Sebbene siano già state trovate tracce di vino millenario in vasi e altri reperti archeologici studiati con l’aiuto di specifici biomarcatori, il rinvenimento di un’urna funeraria colma di vino all’interno di una tomba romana a Carmona, nel sud della Spagna, è da considerarsi straordinario.
Per approfondimenti: Decanter, CNN, The Guardian, JancisRobinson.com, El Pais e NewScientist
Per la prima volta è stato possibile studiare vino conservato allo stato liquido: si tratta di un nettare invecchiato 2.000 anni. I ricercatori che hanno da poco pubblicato il report sul Journal of Archaeological Science lo hanno definito come il vino più antico del mondo.
Una rara opportunità di studio
La tomba romana risalente al I secolo d.C era stata scoperta nel 2019 durante i lavori di ristrutturazione di una casa e il sito era apparso sin da subito di grande rilevanza per via delle ottime condizioni di conservazione. Gli archeologi hanno ipotizzato che si trattasse di un mausoleo di famiglia appartenente agli abitanti di quella che allora era Carmo, un’importante città nella provincia romana di Hispania Baetica, nel sud della Spagna. All’interno di sei nicchie sepolcrali scavate nelle pareti della tomba sono stati trovati resti umani carbonizzati e preziosi corredi funerari tra i quali una boccetta con profumo al patchouli e, all’interno di un’urna in piombo, cinque litri di un liquido rossastro che ha fornito agli archeologi una rara opportunità di studio (Decanter).
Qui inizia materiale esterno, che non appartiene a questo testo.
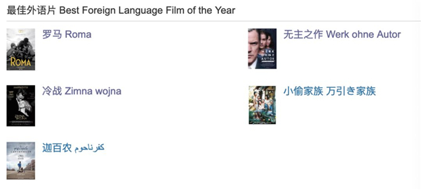 不过,人家的志向可是最佳影片,外语片基本是顺手拿的。
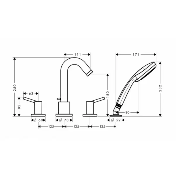 Купить Смеситель на край ванны на 4 отверстияTalis 32314000 артикул: 139872 в интернет-магазине ESMAG - Екатеринбург.
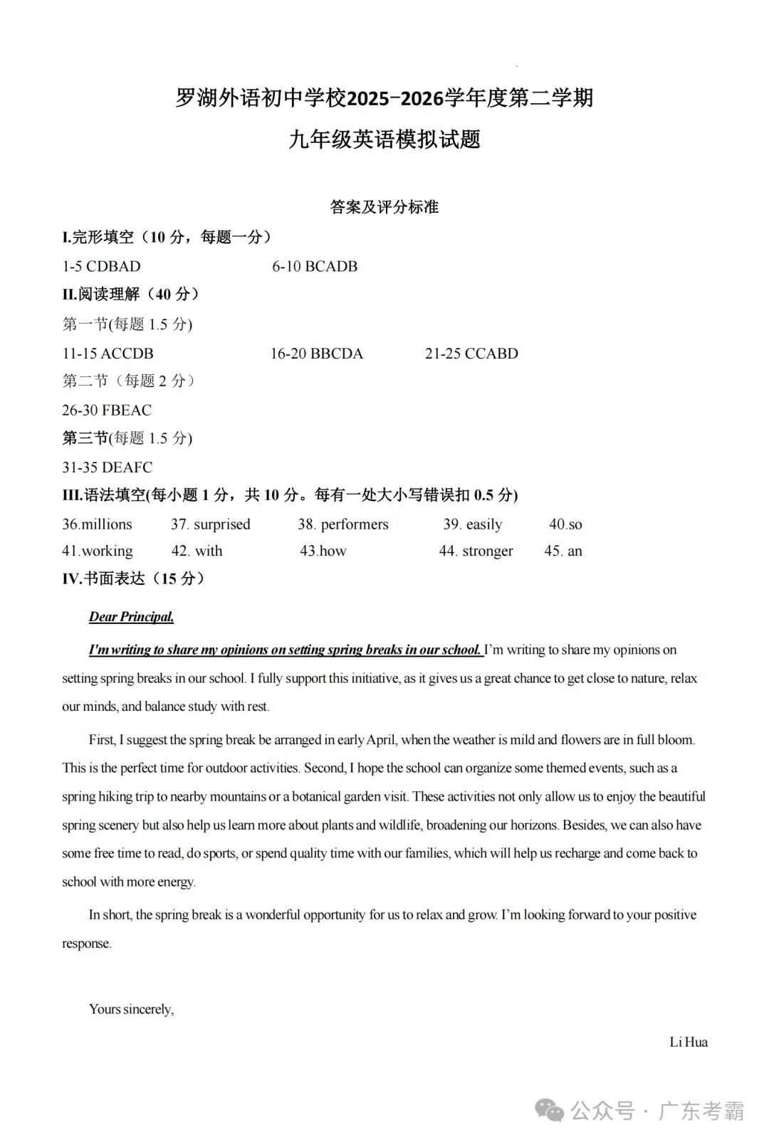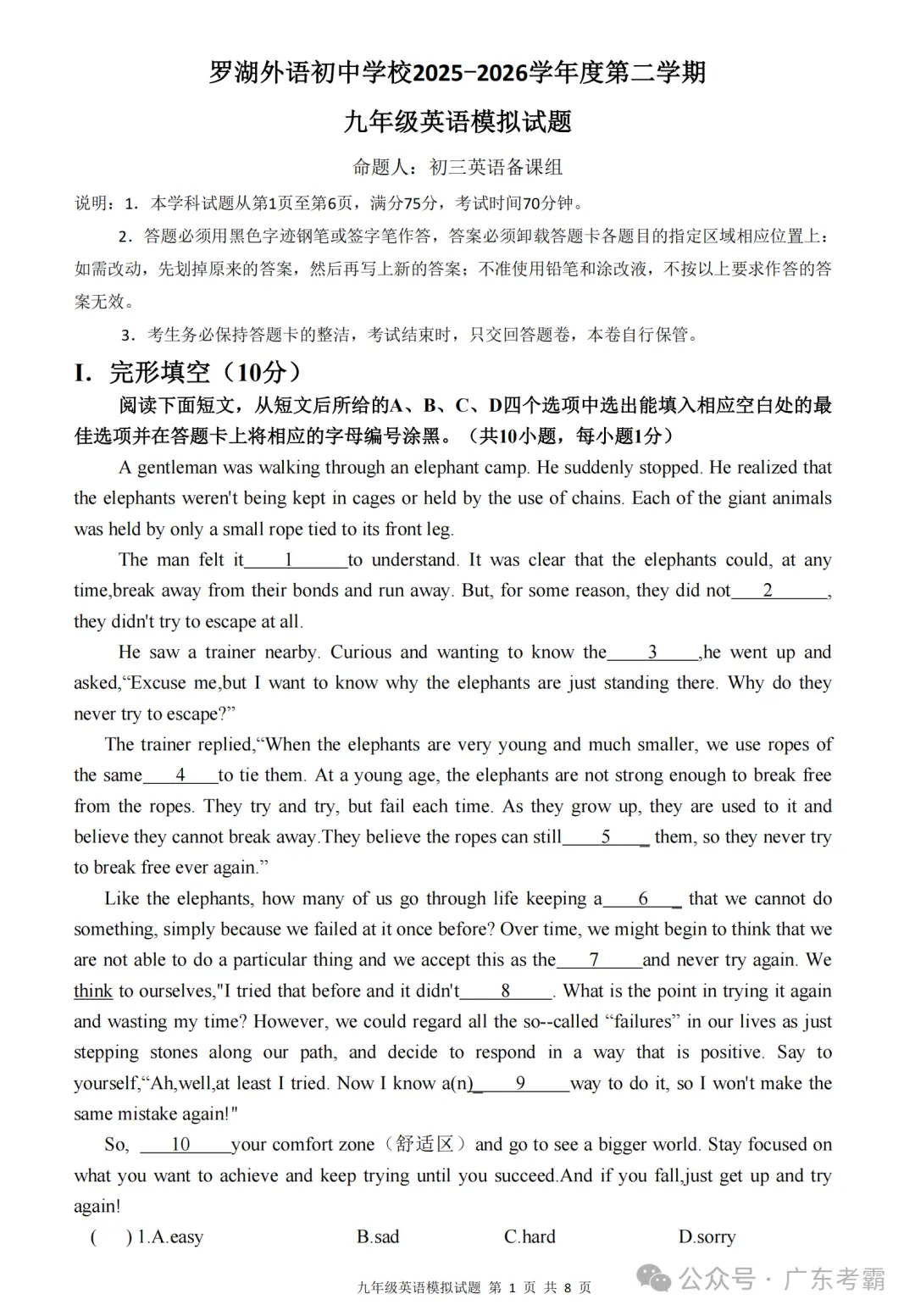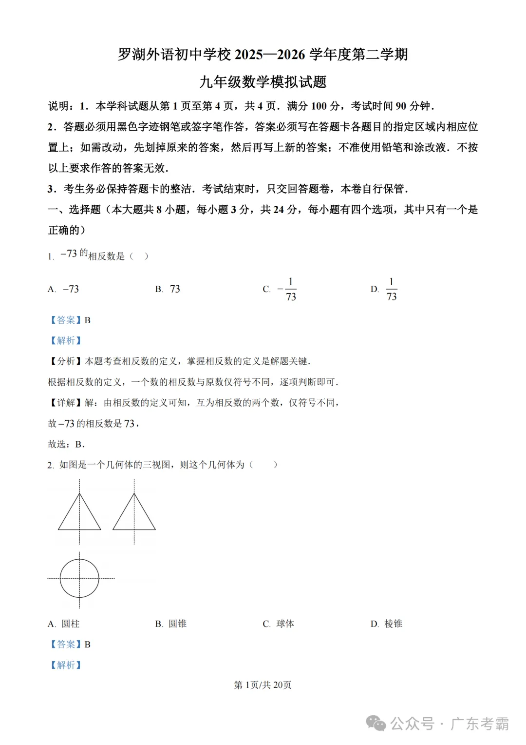 罗湖外语初级学校2026年第二学期模拟试题九年级(数学 | 英语 | 物理|化学)
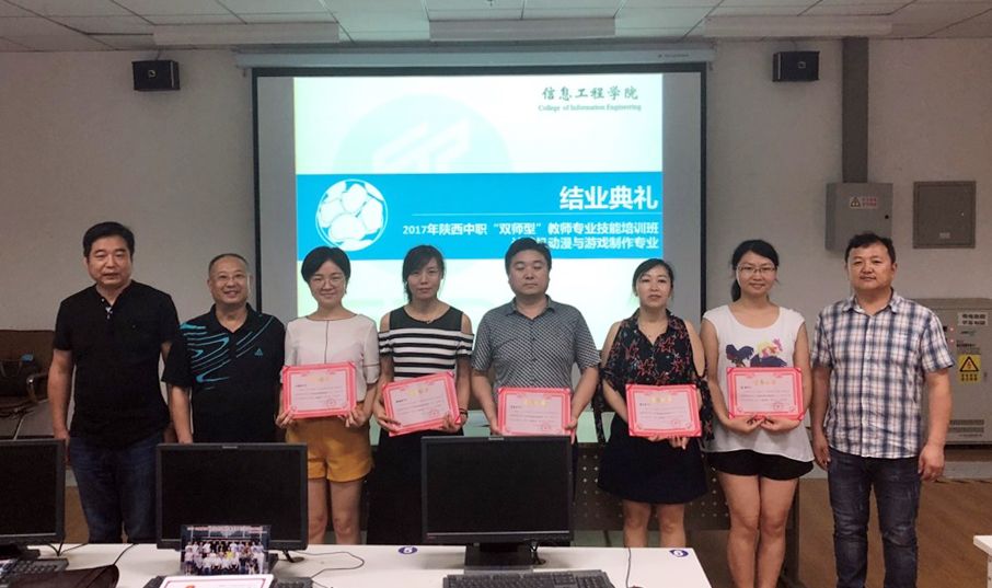 7月20日下午,由信息工程学院承办的陕西中职“双师型”教师计算机动漫与游戏制作专业培训班结业典礼在精艺楼举行,信息学院副院长殷锋社、信管教研室主任王坤、软件技术教研室主任赵革委、培训班班主任朱梦楠及25名学员参加典礼。
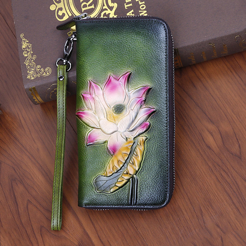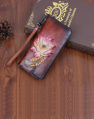 Design: Womens Lotus Flower Coffee Leather Wristlet Wallets Zip Around Wallet Flower Ladies Zipper Clutch Wallet for Women
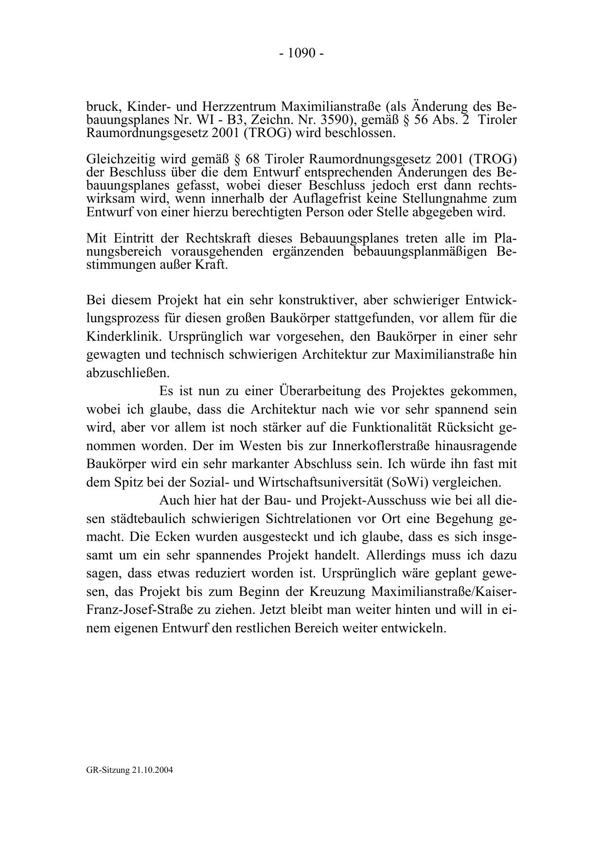 bruck, Kinder- und Herzzentrum Maximilianstraße (als Änderung des Bebauungsplanes Nr. WI - B3, Zeichn. Nr. 3590), gemäß § 56 Abs. 2 Tiroler

Secondo gli scienziati si tratta di vino bianco
Il team di ricercatori ha analizzato il reperto con l’aiuto della spettrometria di massa (ICP-MS) per determinare gli elementi chimici nei sali minerali e la cromatografia liquida-spettrometria di massa ad alte prestazioni (HPLC-MS) per identificare i polifenoli. Il profilo dei sali minerali e, soprattutto, la rilevazione e quantificazione di alcuni polifenoli tipici, hanno permesso di identificare il liquido come vino bianco, nonostante il colore rossastro per via dell’evidente ossidazione. Gli autori del rapporto affermano: “L’urna deve essere stata riempita di vino (…) come parte del rito di sepoltura”. Inoltre, gli elementi chimici presenti nel vino di 2.000 anni corrispondono a quelli dei vini ancora oggi prodotti in Andalusia e sono, in particolare, simili allo Sherry (CNN).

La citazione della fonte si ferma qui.